I also found out that a friend of ours from the Ronald McDonald's House had lost her son today.  His battle with cancer had ended.  How sad that is.  I just could not imagine.  I have my daughter still to hold and hug and interact with.  She does not.  I need to be thankful, even when we are walking in that valley.  Even when I don't understand.  Even when I don't agree with God's plans.  I need to be thankful and I need to embrace the moments that we do have.

My friend surprised me with lunch today.  We had a great afternoon.  Just before she arrived at my house, the doctor had called and said they would like to do the full blood work up.  They would like to look for Celiac's Disease, Thyroid, Leukemia, make sure the heart function is good, a complete lites work up to make sure that those are all in balance.  They want to make sure that they are not missing anything.

FINALLY a doctor is hearing us.  We were just asking the wrong doctor.  I really thought that this was more of our GI doctors responsibility.  However, all he wants to do is her to use the tube.  I want to tell him..."Get it through your head buddy, we will use the tube if we HAVE to, but as long as she has oral skills, it is in her best interest to use those.  Why don't we look at why else she might not be gaining weight and not take the easy road."  Ugh.  I am so thankful for our doctor.  He rocks and so does his staff.  He listens and he cares.  He wants to make sure he looks at Lydia for Lydia.  That is so important.  She is not a diagnosis and she WILL NOT follow what the text book says or even another patient for that matter.  Look at Lydia, listen to her mom who NEVER leaves her side.  I promise I will play nicely on a team with you!

So we went in for the blood work.  I have a list of names who can draw her blood and who cannot.  I found another name as to who cannot draw her blood.  Really, please don't show ego to me!  But my rule is three pokes and you are done.  The first one was success, but due to all of the labs they needed a lot of blood.  The vein ended up rolling before they could get all of the blood needed.  Then another lady tried and she just was fishing for a vein.  Don't you realize how painful that is.  Ugh...I really think she just wanted to poke my daughter to get her to scream since she did not make a peep the first time she was poked.  They called in our favorite lady.  She was less than pleased with what had gone on...but quickly she got the blood and we were on our way.
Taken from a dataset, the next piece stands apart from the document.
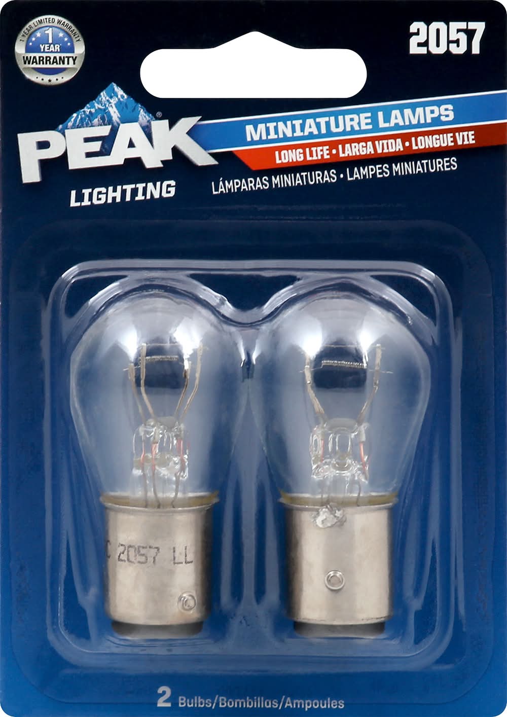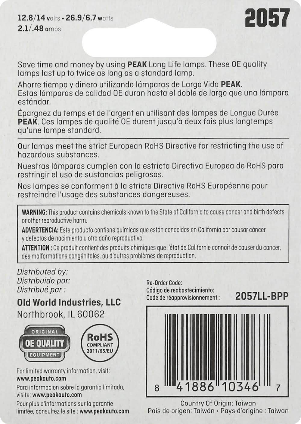 Lighting. Long life. 12.8/14 Volts. 26.9/6.7 Watts. 2.1/0.48 amps. Save time and money by using Peak long life lamps. These OE quality lamps last up to twice as long as a standard lamp. Our lamps meet the strict European RoHS directive for restricting the use of hazardous substances. Original OE quality equipment. 1 year limited warranty. For limited warranty information, visit: www.peakauto.com. www.peakauto.com. RoHS Compliant. Country of Origin: Taiwan. Old World Industries,

They told us the results for most of the tests should be back today.  They will only call if one of the labs comes back abnormally.  I am assuming all of the labs are just fine since I did not hear anything.  Well, that is what I am telling myself at least!  I am thankful for the past 14 months, I have become a lot more patient and I have learned that expecting the worse in these cases is not a good thing.  So while I prepare myself, I can anxiously wait!

She looks so good to me.  She is tiny, but she has rolls in her knees and her hands.  She did have a great length growth...so that is good!  I just want to make sure that we are on the right track.

Exhausted, yes.  Some days are better than others.  Some days you just feel like really?  But, every day is worth it, no matter what.  It is another day to live for God, another day to enjoy all of His blessings.  The highs are high and the lows are low.  At any time it can change.  I have never experienced anything like it.  I think because there is so much associated with everything that happens.  With Lydia it is not just her being sick, it is who should we call, have we included all of the specialties that should be included, where should we go, can Fond du Lac handle her or should we just go to Children's?  There are so many questions.  Often times I just feel so alone.  I just don't know who to call or what to do.  We are pushing harder to have our pediatrician primarily care for her.  It is easier for us and he does a great job.  But until thing, we will have to keep fighting through.

Good thing her smile can always melt my heart.  She just has a way about her.  Even in the roughest of storms, when I can see her smile, things will be just fine.  After all, she is the enduring the pain and the tests and the surgeries and she always comes out smiling.  So inspiring to me!  I am the blessed one.